The approach clearly distinguishes widely-recognized the Alexandra, Gauteng "slum" form other comminities within the Johannesburg region. The ability to discriminate between other communities in Johannesburg is less clear. Population-Density Maps combined with satellite imagery does not support discrimination between other administrative/political subdivisions.
The approach is recommended for further investigation and development. Employing a novel combination of image-processing and machine-learning methods, it is potentially generalizable. Population-Density Maps are avaiable for most potential areas of interest. In that SA possesses one of the African continent's most-mature census regimes, that information may not be as useful elsewhere. Candidate improvements include applying more-sophisticated machine learning, improving the image quality, and incorporating information about commercial activity from the web.
- Assets (Contains shapefiles R scripts used to create final map.)
- Code (Contains code (pyton notebooks) used to scrape government website + clustering algorithm.)
- Data (Raw data from scrape and population density data.)
- Graphics (Geotiffs and images used in ReadMe + Power Point)
- ReadMe.md (ReadMe)
- city_final.html (Final Leaflet Interactive Map of City of Johannesburg Metropolitan Municipality)
- .gitignore (Gitnore)
Mapping of informal settlements with satellite imagery is a long-standing practice, but such methods could be enhanced through web-scraped real-estate data. This project would build a web scraper to house and apartment adverts for a selected city in Africa/Latin America/Middle East. The scraper should download all adverts in the city during a recent period (ideally 3 years or more); and map all the adverts. The project should test the feasibility of estimating informal tenure from this information. Using gridded population estimates (e.g. from Facebook), the team would calculate the ratio of real estate adverts with population density. This ratio could serve as an input to machine learning models aimed at mapping informal settlements.
The team selected Johannesburg, SA for purposes of prototyping. Johannesburg meets multiple criteria. It is a major population center in a developing economy. This is a client criterion. For data-availability purposes, SA is the most-developed economy on the Africa continent.
Informal settlements (aka "slums") can be defined as " highly populated urban residential area consisting mostly of closely packed, decrepit housing units in a situation of deteriorated or incomplete infrastructure, inhabited primarily by impoverished persons" Wikipedia. For our purposes informal settlements are urban residential concentrations that are not supported by public services. Beyond infrastructure services, these also include legal status, such as property deeds.
We seek here to identify local concentrations that are not reflected in official or commercial records. Applying a data-science approach, we attempt to compare unofficial measurements of local population densities with official or commercial sources. Our "slums" will be localities in which high concentrations of residents are indicated that do not coincide with "official" sources.

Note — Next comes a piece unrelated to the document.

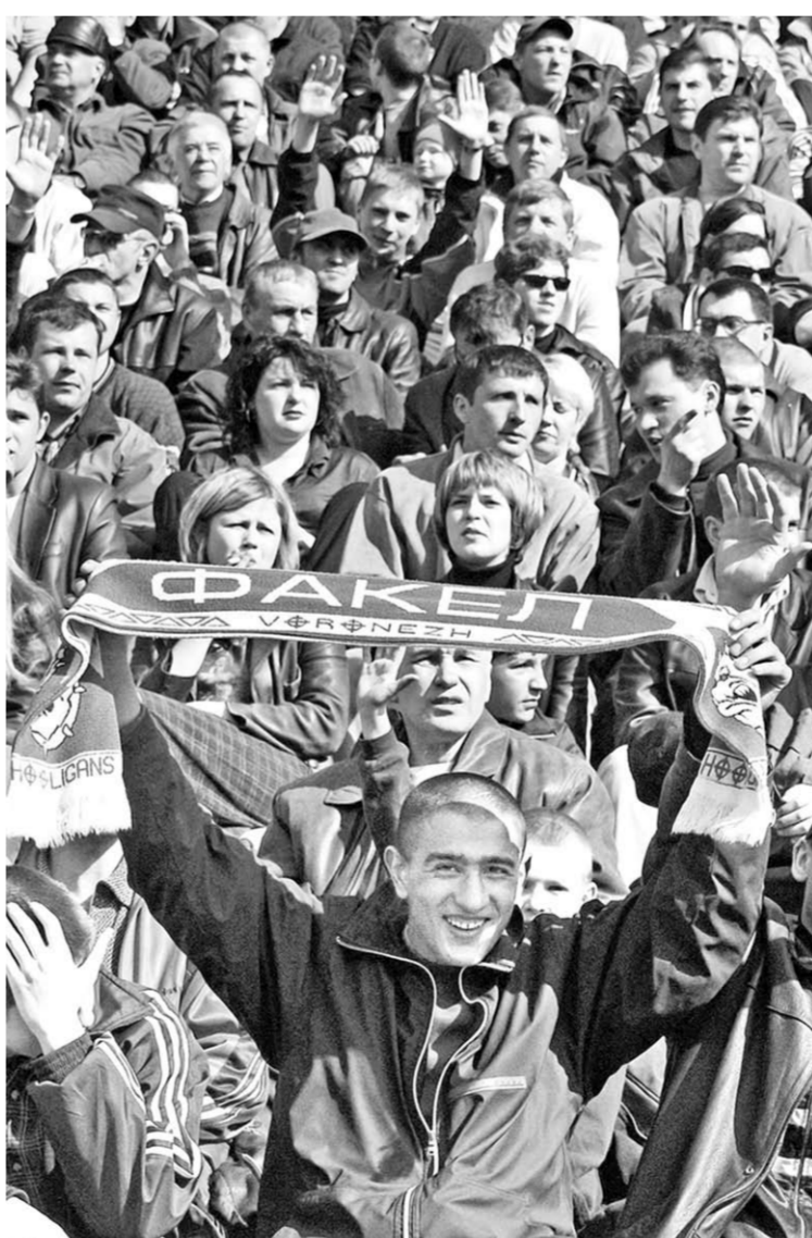
Болельщики готовы болеть!

Some "ground truth" is available. A Wikipedia article List of slums in South Africa specifically identifies Alexandra, Gauteng in Johannesburg, our target region. This area is visually distinct in overhead imagery we use in our analysis.

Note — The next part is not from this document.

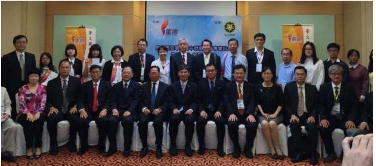
陳政務次長（前排右 6）與參加簽約儀式之大學校院代表、董總幹部合影留念

We apply the Cross-Industry Standard Process – Data Mining (CRISP–DM). Figure 1 provides an overview. This method has provided the foundations for delivery methods used by many leading technology firms, including IBM.

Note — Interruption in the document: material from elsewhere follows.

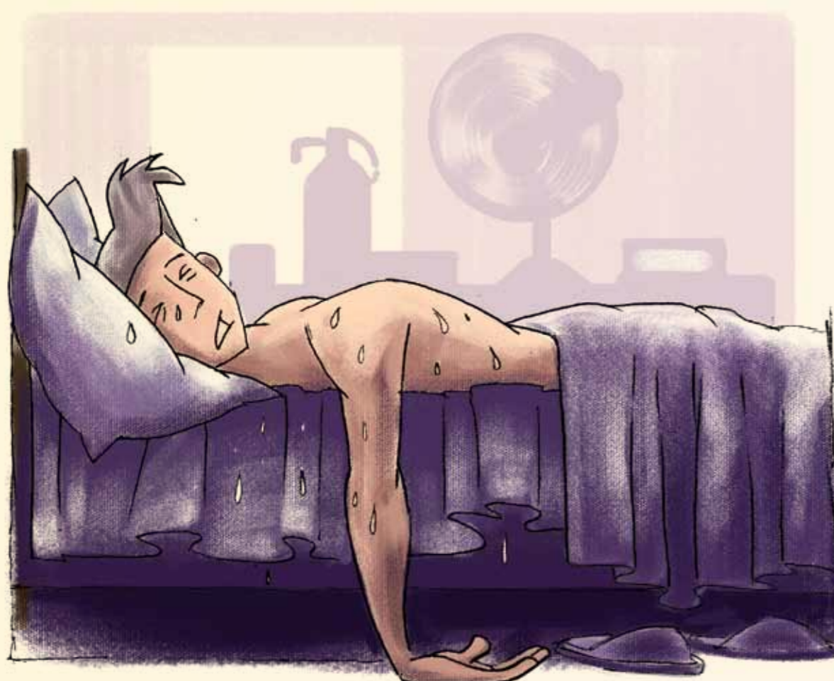
TRANSPIRAȚII EXCESIVE mai ales noaptea

CRISP–DM contains more-direct coupling to the business context than some more data-centric methods. It also provides more-explicit guidance on iterativity, an inescapable part of modeling. The following subsections summarize its employment in this project.
Data Understanding, Preparation.
Figure 2 depicts the information architecture for our study. We fundamentally approach this as a geospatial-information science (GIS) problem. We seek to compare official geospatial population distributions with those obtained from other means.
Our analysis involves fusion of three sources of information. These are:
⓵ An underlying geopsatial reference frame;
⓶ "Official" population-distribution information; and
⓷ "Alternative" population-distribution information.
Geospatial reference frame.
We derive our geospatial reference frame from geo-referenced
Figure 2 — Conceptual information architecture for study.
Two types of information sources interest us. Our basic problem leads us to primarily consider geospatial information sources (GIS). Several sources exist [EOS, April 19, 2019] for high-resolution overhead imagery. Given the proof-of-concept nature of the present study, Google Earth is employed.
Overhead imagery downloaded from Google Earth is not geo-referenced. That is, each pixel is not associated with a distinct longitude (𝘓) and latitude (λ). We employ here a simple procedure described in the Geo-Spatial Tutorials youtube channel.
This procedure involves adding a limited number of geo-refernced labels to a Google-Earth image. We then use the open-source QGIS tool to attribute (𝘓, λ) associations to our labels. This produces a GeoTiff image with an estimated pixel resolution in the range of five to ten meters. Other sources provide resolution as high as one meter. Our order-of-half-meter resolution suffices for this proof of concept.
Figure 3 shows Google-Earth image prior to geo-referencing in QGIS. The yellow-colored thumbtacks are labeled (𝘓, λ) associations for each point. We use QGIS' Georeferencer plug in to develop an affine transform between pixels and (𝘓, λ) positions on the Earth's surface.
Figure 3 — Geo-reference-tagged overhead-image download from Google Earth.
Official population-distribution data.
South Africa (SA) last conducted a census in 2011 [stats sa]. A Community-Survey update was performed in 2016. Census data is the "most-official" source of information. It is however most-likely tied to officially-registered residencies.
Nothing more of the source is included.